Las Vegas isn’t the only place you’ll find bright lights and extraordinary sights in the Southwest! If your idea of an adventure is more natural than neon, take a trip to the Valley of Fire.
The Valley of Fire State Park is located just 50 miles northeast of Las Vegas in the Mojave Desert. Dedicated in 1935, the Valley of Fire is the oldest state park in Nevada. The Park is comprised of 42,000 acres of rugged desert terrain and hosts over 300,000 visitors every year, so if you’re tight for time, consider visiting the quieter (but no less adventurous!) Valley of Fire on your next Vegas vacation.
Why is it Called the Valley of Fire?
The Valley of Fire was formed over the course of 150 million years through a process of uplifting, faulting, and erosion. The characteristic bright red sandstone formations, called “Aztec Sandstone”, are a result of the iron oxide present in the area’s sediment. When the sun shines on the formations, the monuments and formations appear as if they are on fire, hence the name “Valley of Fire”.
Image Source: Clément Bardot
In addition to the Valley’s characteristic red sandstone, the state park also contains a number of formations that consist of limestone, shales, and other conglomerates.
9 Sights to See at the Valley of Fire
About an hour away from Las Vegas, the Valley of Fire’s unique history and multitude of sights to see make it an excellent alternative to the Grand Canyon if you’re looking for an adventure that’s a little closer to Sin City.
Here are some sights and viewpoints to keep your eyes peeled for:
The Valley of Fire has been home to prehistoric civilizations since 300 BCE. These ancient inhabitants, including the Basket Maker people and the Anasazi Pueblo farmers, created petroglyphs by chipping the “desert varnish” off the surface of stones throughout the Valley to reveal the lighter sandstone underneath.
Image Source: MrSilva
Petroglyphs are abundant throughout the Valley of Fire State Park – there are even some that are over 3,000 years old! The best places to find them are Atlatl Rock and Petroglyph Canyon.
2. Atlatl Rock
Atlatl Rock is a single large boulder perched atop a sandstone outcrop. Keep your eyes peeled for Atlatl Rock’s namesake petroglyph of an atlatl (a throwing stick used to throw arrows and spears before bows were invented), located at the top of the Atlatl Rock petroglyph panel. Don’t forget to check out the petroglyphs and rock art left by the Basket Maker people and Anasazi Pueblo farmers at the bottom of the Rock as well!
Image Source: MrSilva
Atlatl Rock has metal stairs so you can climb to the top of the Rock to see the petroglyphs.

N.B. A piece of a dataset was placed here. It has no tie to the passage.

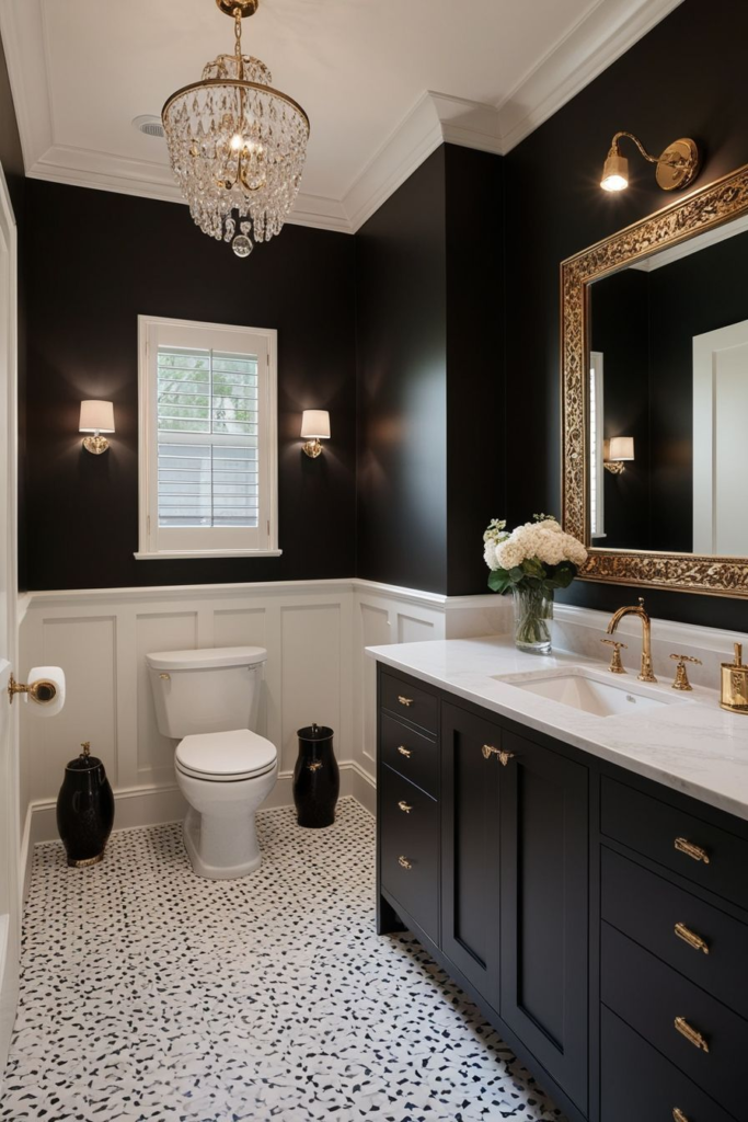 Start with matte black tiles or a bold black vanity as a statement piece. Pairing these with gold or brass accents enhances the opulent feel. Lighting is crucial—consider soft ambient lighting combined with a dramatic chandelier or wall sconces to elevate the space.

Climbing is otherwise prohibited, though it is allowed elsewhere in the State Park.
3. Petroglyph Canyon
Next to Atlatl Rock, Petroglyph Canyon is the best place in the Valley of Fire to see petroglyphs. The trail to Petroglyph Canyon begins at Mouse’s Tank, and it’s only a half-mile long.
Image Source: kenlund
Be sure to check out the north wall of the Canyon, where you’ll find the largest concentration of petroglyphs.
4. Mouse’s Tank
Named after “Little Mouse”, a Southern Paiute Indian who hid there in the 1890s, Mouse’s Tank is a natural stone basin that stores water year-round. It’s located at the start of Petroglyph Canyon.
5. Elephant Rock
Elephant Rock looks like – you guessed it – an elephant. It’s close to the park’s east entrance and requires a 1/3 mile hike to reach, starting from the main parking area.
Image Source: kenlund
6. Rainbow Vista
The Valley of Fire is home to more than just its characteristic red sandstone formations. Rainbow Vista features panoramic views of multi-colored sandstone stretching for miles – a distinct departure from the otherwise red landscape.
Image Source: Stan Shebs
7. Seven Sisters
The Seven Sisters are a group of tall, eroded boulders surrounded by a sandy desert. It’s the perfect location for a picnic!
8. Arch Rock
Arch Rock is a stone arch created by thousands of years of erosion. Because it’s so fragile, Arch Rock is the only other place in the state park you aren’t allowed to climb.
Image Source: Frank Kovalchek
Keep a lookout for hoodoos as you enter the park – these small piles of rock are plentiful along the park entrance. It’s said that the higher you stack the rocks, the better fortune you will have on your journey. However, hoodoos are not natural to the Valley of Fire’s landscape, so park staff ask visitors not to build them within the park’s boundaries.
Visiting the Valley of Fire
The Valley’s unique rock formations, distinctive red hue, and numerous petroglyphs are a must-see for adventurers of any age. Who would have thought that something as rugged and beautiful as the wilderness of the Valley of Fire could be located so close to the Las Vegas strip?